In 2001, the FTU lower hybrid system came close to delivering its maximum allowable
(~2.4 MW) power. Up to 2.2 MW were injected into the plasma, with a level of 2.0 MW
routinely achieved. During the 2001 experimental campaign it was, therefore, possible
to study both current-drive and internal transport-barrier formation in high-density
scenarios. In fact, collisional ion heating was observed at densities around 10 20 m -3 .
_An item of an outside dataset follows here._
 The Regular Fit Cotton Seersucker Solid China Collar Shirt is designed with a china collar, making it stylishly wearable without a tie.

Electron cyclotron resonance heating was used to explore heat transport and was
combined with the injection of lower hybrid waves for synergy studies. Modulated
electron cyclotron heating was also applied for the transport studies, which focussed on
the issue of profile stiffness and the specific role of collisionality. As proposed at the 2001
Frascati workshop (see below) on the FTU programme, a campaign is being planned to
compare FTU results with those of other devices, such as ASDEX-Upgrade and Tore
Supra.
Steady pellet enhanced performance modes were extensively studied. Careful timing
of the pellet sequence allowed a high degree of reproducibility to be achieved for
these high-performance discharges. The experiments gave interesting information
about the role of sawteeth with respect to impurity accumulation. A compromise
seems possible, where the sawteeth are slowed down enough to achieve improved
confinement, but can still prevent impurity accumulation and also produce an
outward pinch that reduces central radiation. Results from preliminary experiments
performed with pellets plus lower hybrid indicated that good radiofrequency
coupling is possible at high field and density.
Installation of the new boronisation system allowed a significant decrease in
impurity contamination and radiated fraction. Consequently, it was possible to start
studies on the radiative improved mode in the last part of the 2001 campaign.
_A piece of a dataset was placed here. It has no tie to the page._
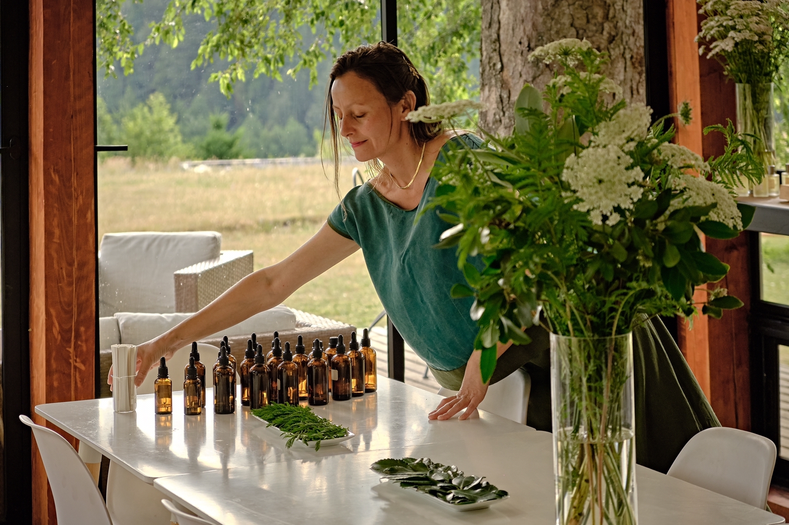 Investigación aromática de la flora local, nativa e introducida de la precordillera del sur de Chile. Exploración que contó con el montaje de un laboratorio para investigación y extracción de fragancias. Este proyecto se desarrolló junto a recolectores locales, considerando la propagación y cultivo de las plantas y la sostenibilidad del material extraído para el desarrollo de instalaciones y piezas de arte.

The new diagnostic for fast x-ray imaging, developed at Frascati, was installed on the
National Spherical Tokamak Experiment. The device is based on a micro-pattern gas
detector with a gas electron multiplier amplifier.
A workshop was held at Frascati on 22-23 November 2001 to discuss the mediumterm
FTU programme and to increase the participation of European laboratories in
the machine. The workshop was organised in plenary and parallel brainstorming
sessions, with each session chaired by an external participant. Forty people were
from ENEA Frascati and the Consiglio Nazionale di Ricerca Milan and about thirty
came from other labs (European, USA, Japanese and Russian). The discussions
focused on areas where FTU can provide unique results. Several interesting
proposals were made and are presently being considered for implementation.
The contribution of ENEA to the C4 Joint European Torus campaign in 2001 amounted to
about 1 ppy and was focussed on the activities of Task Forces S2 and H. Plasma
configurations with internal transport barriers of long duration (11s≈30τ E ≈τ R , with τ E the
energy confinement time and τ R the resistive diffusion time) were produced, thanks to the
current profile control now possible with the lower hybrid system.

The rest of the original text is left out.